# hotspot shield, wtf is it doing.



## foxmusk (Nov 24, 2009)

okay, so i downloaded Hotspot shield so i could bypass the school filter for a project i was working on. and, i like it so i'm keeping it. but, what is this thing it's doing?

http://i47.tinypic.com/oavogl.jpg

that long line of bars to the left of the words HOTSPOT SHIELD. they're slowly getting longer and pushing things to the right.

can i clear them?


----------



## Azbulldog (Nov 24, 2009)

If they're anything like the separators for bookmarks, you should be able to right click them and click delete. That could take a minute or two though.


----------



## foxmusk (Nov 24, 2009)

no, you can't click them. :c


----------



## ToeClaws (Nov 24, 2009)

Does your school not already provide a secure network for you?  Pretty lame that you have to resort to that sorta thing. :/  I also question the validity of it - yes having encrypted traffic is best, but do you trust the people who are managing the other end?  Seems fishy that people would just offer that service for nothing. :/


----------



## LotsOfNothing (Nov 24, 2009)

Well you're obviously using Windurr's Vista.  That's a big problem.


----------



## foxmusk (Nov 25, 2009)

ToeClaws said:


> Does your school not already provide a secure network for you?  Pretty lame that you have to resort to that sorta thing. :/  I also question the validity of it - yes having encrypted traffic is best, but do you trust the people who are managing the other end?  Seems fishy that people would just offer that service for nothing. :/



it's to get around the block :v you can't access, like, ANY website with a school block.

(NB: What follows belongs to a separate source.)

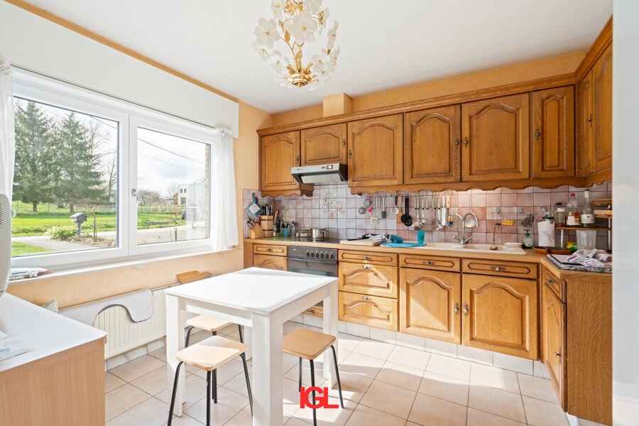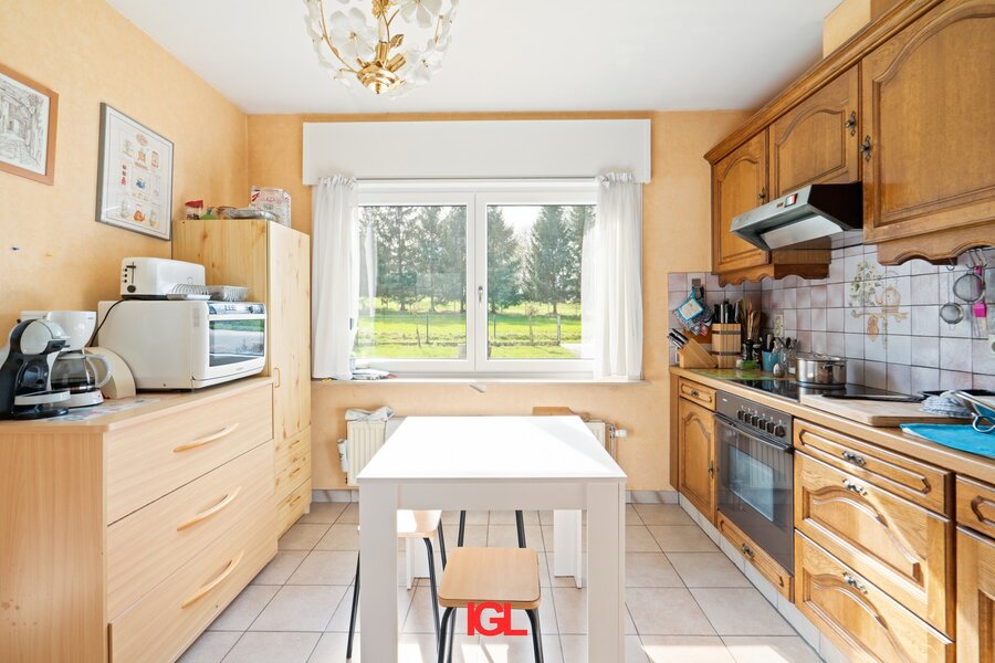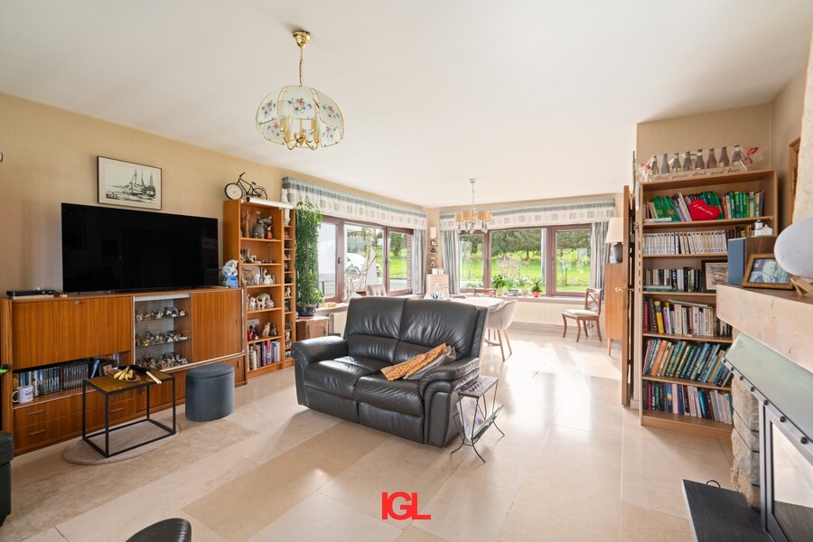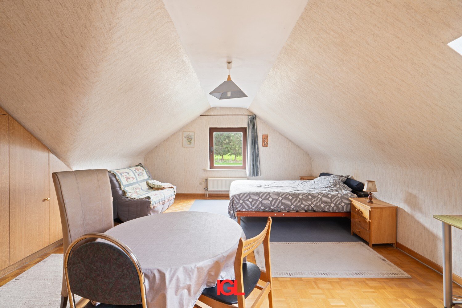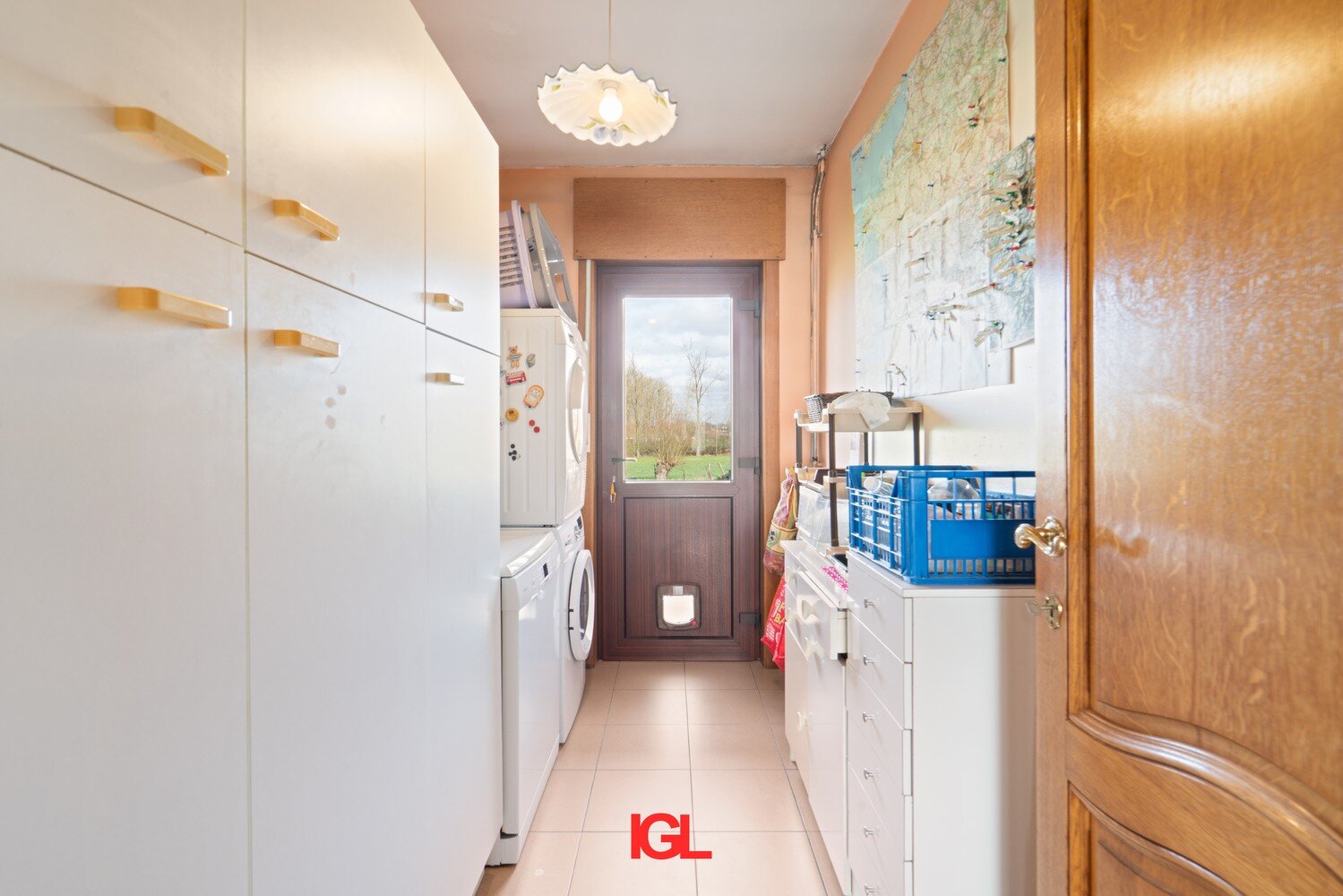 De woning bevindt zich op een uitzonderlijk perceel van 45a 65ca, met een prachtig open zicht over de achterliggende velden.

except furaffinity. it's...strangely not blocked...


----------



## ToeClaws (Nov 25, 2009)

HarleyParanoia said:


> it's to get around the block :v you can't access, like, ANY website with a school block.
> 
> except furaffinity. it's...strangely not blocked...



Wow... again, kinda odd - I work at a major Canadian university, and the policy here is to _*not*_ block site access.  We don't believe in censoring the web.  Sad that you have to resort to such tactics. :/


----------



## Irreverent (Nov 25, 2009)

HarleyParanoia said:


> it's to get around the block :v you can't access, like, ANY website with a school block.
> 
> except furaffinity. it's...strangely not blocked...

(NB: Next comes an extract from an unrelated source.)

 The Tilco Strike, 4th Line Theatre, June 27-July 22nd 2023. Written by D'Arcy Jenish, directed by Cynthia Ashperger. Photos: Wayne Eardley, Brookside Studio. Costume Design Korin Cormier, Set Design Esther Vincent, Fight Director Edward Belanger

e68.com rates the *.furaffinity.net domain as a porn site by default.  Therefore, someone on your school's admin team or IT team is a furry.


----------



## ToeClaws (Nov 25, 2009)

Irreverent said:


> e68.com rates the *.furaffinity.net domain as a porn site by default.  Therefore, someone on your school's admin team or IT team is a furry.



Psh... since when are high-ranking network security people furries?  Oh... wait...


----------



## Hottigress (Nov 26, 2009)

I'm all for porn ^^


----------



## foxmusk (Nov 26, 2009)

i'm all for porn too, but i still need to get other things too :v


----------